> RECORD SET:
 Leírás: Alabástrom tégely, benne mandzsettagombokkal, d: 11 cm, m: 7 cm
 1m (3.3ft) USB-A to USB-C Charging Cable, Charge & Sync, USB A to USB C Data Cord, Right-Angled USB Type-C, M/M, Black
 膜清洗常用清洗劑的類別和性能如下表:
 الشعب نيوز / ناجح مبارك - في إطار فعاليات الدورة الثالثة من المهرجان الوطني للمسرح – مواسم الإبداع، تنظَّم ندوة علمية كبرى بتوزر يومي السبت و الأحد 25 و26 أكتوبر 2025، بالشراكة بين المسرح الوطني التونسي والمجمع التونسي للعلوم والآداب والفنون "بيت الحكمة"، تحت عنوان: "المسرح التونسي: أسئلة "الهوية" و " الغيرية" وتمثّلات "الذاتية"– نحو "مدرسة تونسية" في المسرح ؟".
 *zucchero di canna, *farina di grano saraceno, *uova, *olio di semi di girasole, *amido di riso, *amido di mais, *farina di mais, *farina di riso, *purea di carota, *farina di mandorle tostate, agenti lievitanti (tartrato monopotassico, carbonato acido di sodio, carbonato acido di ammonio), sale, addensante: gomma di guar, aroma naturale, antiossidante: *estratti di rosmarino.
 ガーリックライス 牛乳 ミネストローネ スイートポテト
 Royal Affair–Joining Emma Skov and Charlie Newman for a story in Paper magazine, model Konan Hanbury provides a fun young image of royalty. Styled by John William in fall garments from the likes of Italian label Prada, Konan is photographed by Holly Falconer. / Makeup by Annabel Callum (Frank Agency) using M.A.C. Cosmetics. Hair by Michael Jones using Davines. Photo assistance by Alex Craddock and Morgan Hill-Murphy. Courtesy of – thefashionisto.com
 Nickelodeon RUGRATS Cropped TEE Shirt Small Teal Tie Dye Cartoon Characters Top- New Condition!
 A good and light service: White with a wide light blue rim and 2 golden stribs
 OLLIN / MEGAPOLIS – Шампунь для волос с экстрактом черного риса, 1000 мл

==

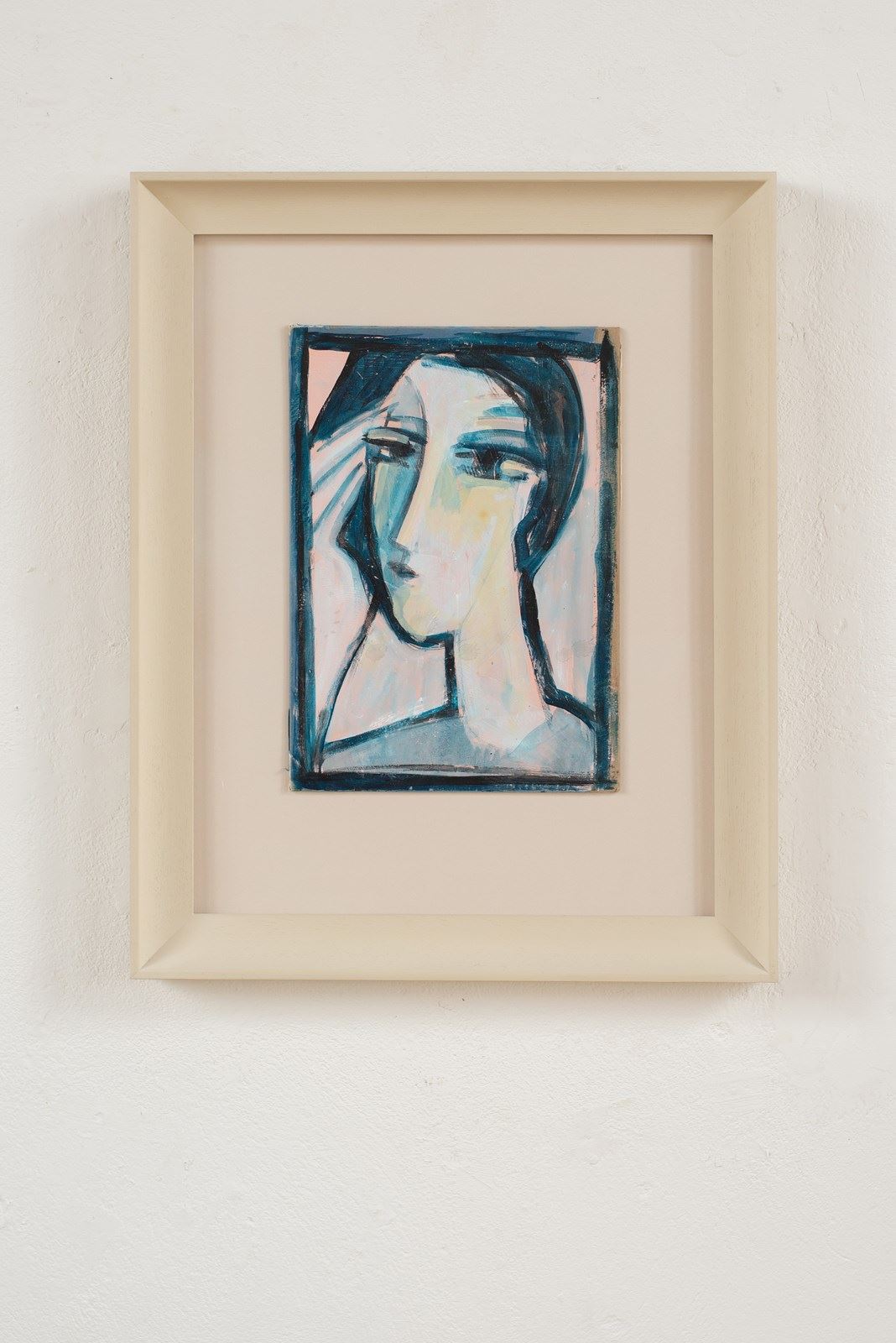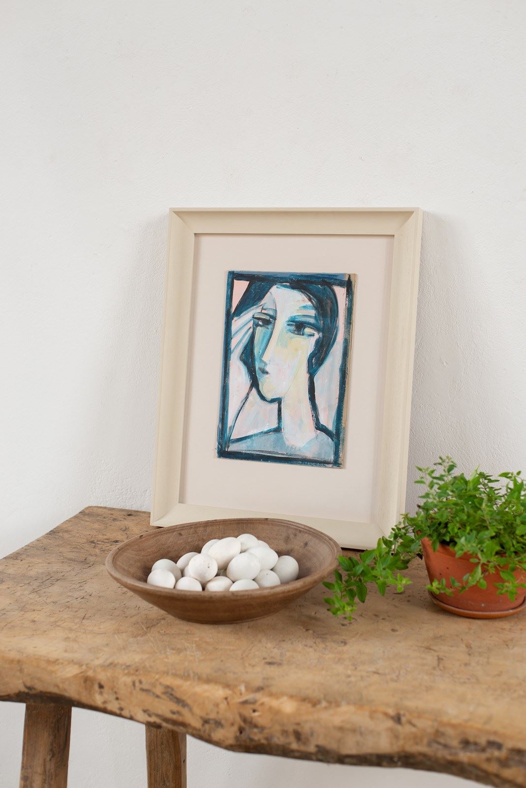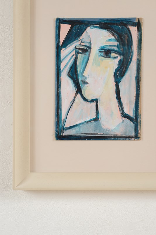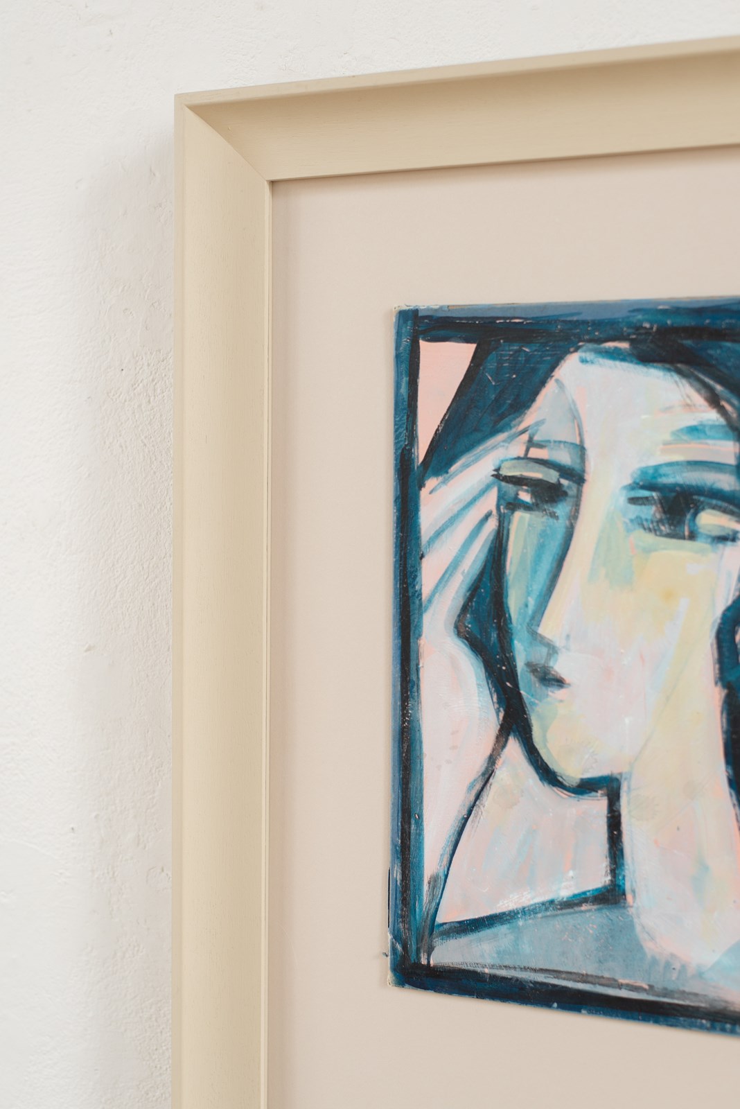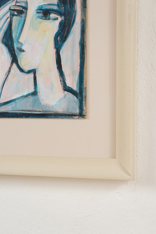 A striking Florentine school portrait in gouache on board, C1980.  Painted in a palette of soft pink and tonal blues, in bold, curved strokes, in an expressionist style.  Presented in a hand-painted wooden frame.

> PROBLEM TO WORK ON: With the first line being the one containing "Royal Affair–Joining Emma" and the last line the one containing "OLLIN / MEGAPOLIS", transcribe exactly the lines above that fall in that range.

> SOLUTION:
 Royal Affair–Joining Emma Skov and Charlie Newman for a story in Paper magazine, model Konan Hanbury provides a fun young image of royalty. Styled by John William in fall garments from the likes of Italian label Prada, Konan is photographed by Holly Falconer. / Makeup by Annabel Callum (Frank Agency) using M.A.C. Cosmetics. Hair by Michael Jones using Davines. Photo assistance by Alex Craddock and Morgan Hill-Murphy. Courtesy of – thefashionisto.com
 Nickelodeon RUGRATS Cropped TEE Shirt Small Teal Tie Dye Cartoon Characters Top- New Condition!
 A good and light service: White with a wide light blue rim and 2 golden stribs
 OLLIN / MEGAPOLIS – Шампунь для волос с экстрактом черного риса, 1000 мл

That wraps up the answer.